* **WHAT YOU NEED TO DO**: In the records below, the line that contains "Η μεγάλη δημοσκόπηση" marks the start. Copy it and each line after it through the end, exactly, without pictures.

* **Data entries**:
────

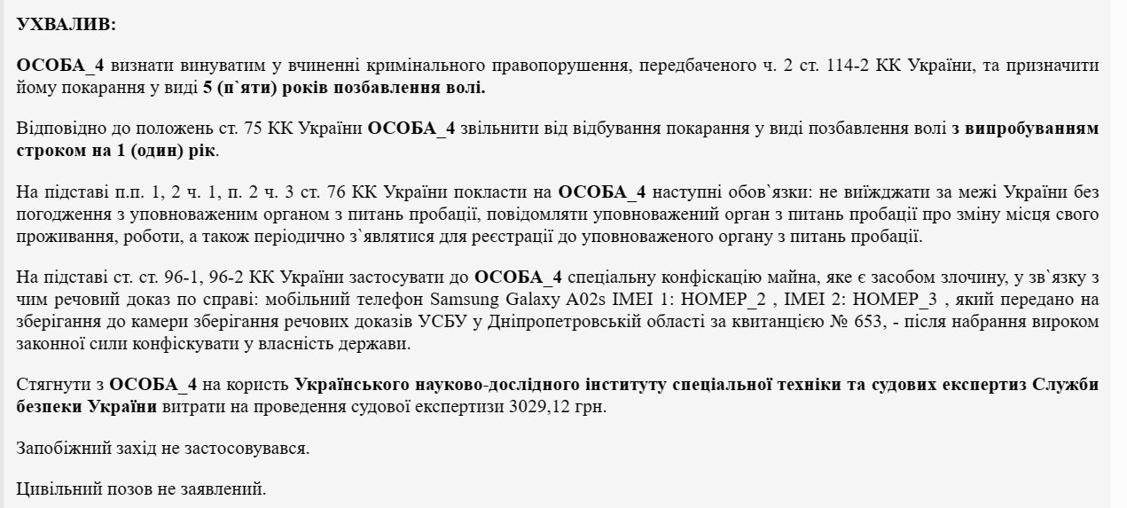 Суд заявил, что блогер выложил в свои социальные сети минимум 10 эпизодов съемки работы представителей ТЦК, которые вручали повестки. Прокуратура квалифицировала такие ролики как распространение информации о передвижении ВСУ.
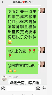 我唱道: “你在线上,群里就热闹,你不在线上,哪里哪里都不热闹,不止你,不止我,不止你我,还有大家。没有你,没有我,群里还有大家、大家不出来,一点都不热闹”
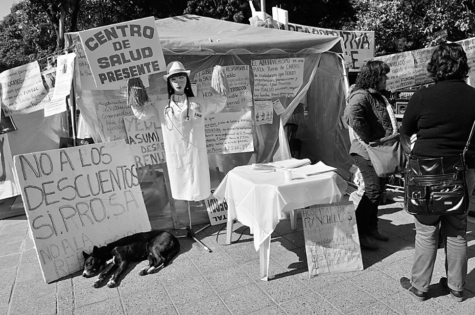 La actividad en la Carpa de la Dignidad ya había vuelto a la normalidad ayer. Allí, Nancy Alarcón, enfermera y delegada del Hospital de Garmendia, recordó las agresiones que sufrió el día anterior: Hombres a cara descubierta le tiraron un banquito contra el torso, la empujaron y la insultaron la madrugada del 9 de julio. La doctora Susana Sitjes recibió un corte en el mentón. Adriana Bueno y Marité Rodríguez denunciaron ser abusadas verbalmente.
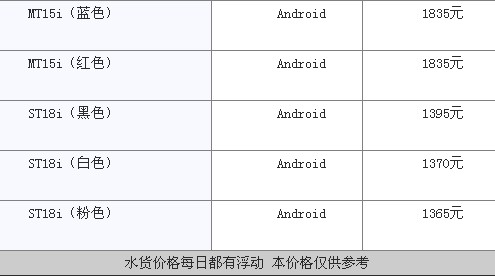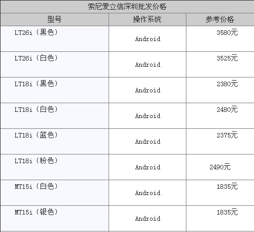 索尼爱立信主流机型价格
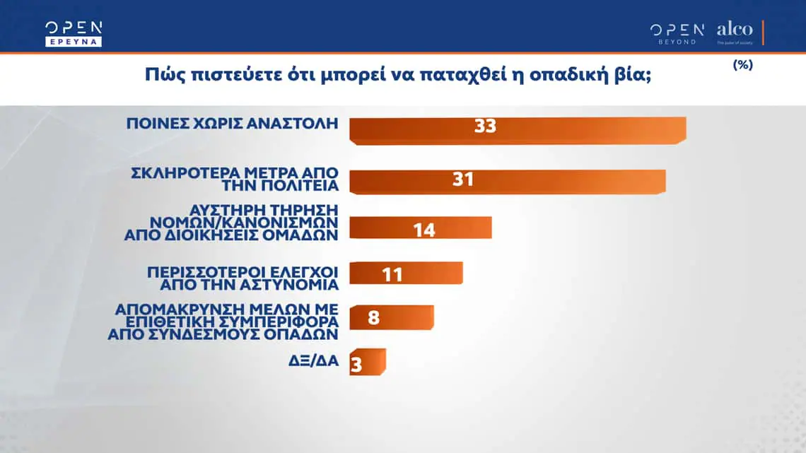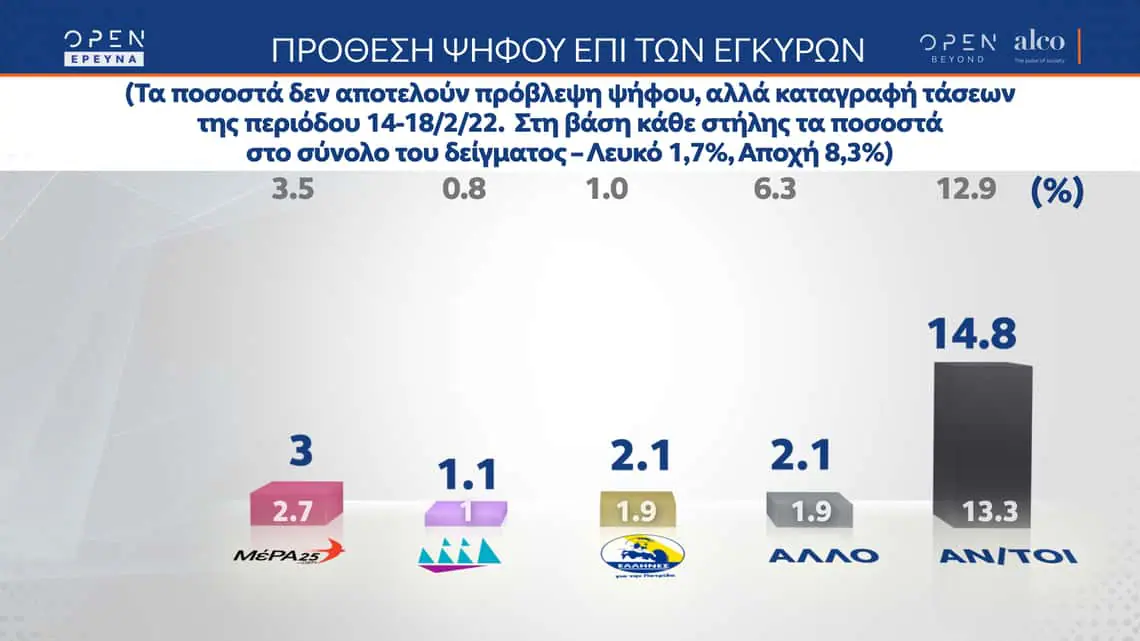 Η μεγάλη δημοσκόπηση του κεντρικού δελτίου Ειδήσεων του OPEN, που διαμορφώθηκε και από ερωτήματα πολιτών, πραγματοποιήθηκε από τις 14 έως τις 18 Φεβρουαρίου 2022 από την Alco και μεταδόθηκε τη Δευτέρα 21 Φεβρουαρίου.
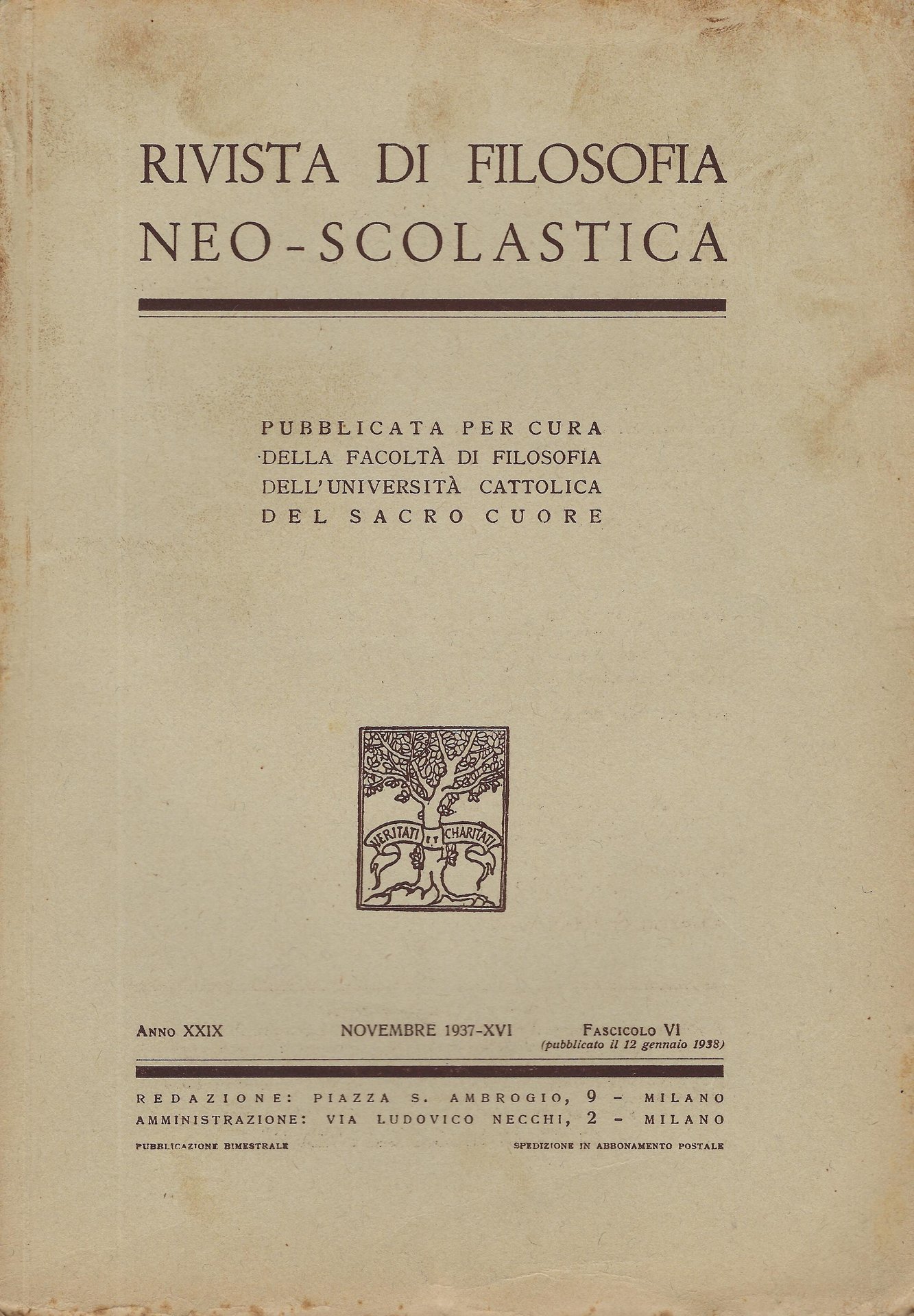 Rivista di filosofia neo-scolastica anno XXIX, fascicolo 6, novembre 1937

────

* **EXERCISE RESULT**:
 Η μεγάλη δημοσκόπηση του κεντρικού δελτίου Ειδήσεων του OPEN, που διαμορφώθηκε και από ερωτήματα πολιτών, πραγματοποιήθηκε από τις 14 έως τις 18 Φεβρουαρίου 2022 από την Alco και μεταδόθηκε τη Δευτέρα 21 Φεβρουαρίου.
 Rivista di filosofia neo-scolastica anno XXIX, fascicolo 6, novembre 1937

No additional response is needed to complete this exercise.